Ad Familiares 10.21
Ad Familiares 10.21
Headnote
L. Munatius Plancus to Cicero, written from camp shortly before the Ides of May 43 BC according to the Perseus dateline Scr. in castris pnd. Id. Mai. a. 711 (43); but the events the letter narrates — the Isara bridge and the warning from Laterensis — belong to the days immediately preceding Lepidus’s defection on 29 May, so a dating in late May or the very beginning of June is what the contents require.

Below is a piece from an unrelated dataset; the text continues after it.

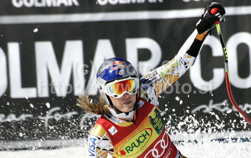 : Lindsey Vonn of USA reacts in finish of Women super-g race of Audi FIS alpine skiing World Cup 2010-2011 in Tarvisio, Italy. Women super-g race of Audi FIS alpine skiing World Cup 2010-2011, was held on Sunday, 6th of March 2011, in Tarvisio, Italy.

The letter is the apologia for an alliance that fell apart in Plancus’s hands. He had written confidently two days earlier that Lepidus was a good man and the war would be conducted by joint counsel; this letter unwrites that. The Isara has been bridged in a single day on Lepidus’s urging; an orderly then arrives with a fresh dispatch telling Plancus not to come — Lepidus, Plancus suspects, wants to keep the glory to himself. Plancus’s tone is candidly self-incriminating about this — “I will lay bare my rash plan to you” — and the candour is part of the self-defence. Then comes the letter of Laterensis, the upright Senate-appointee inside Lepidus’s camp, warning that Lepidus’s good faith is gone and that he, Laterensis, considers his own pledge to vouch for it discharged. The mutinous shout from Lepidus’s troops — “we want peace, we will not fight” — which Lepidus neither punishes nor cures, is the proof. Plancus pulls back, keeps the army intact, and asks Cicero to hurry an army up from Italy. The closing imperatives — send the army quickly, before the enemy gather and our side falter — are the operative request the letter is built to deliver.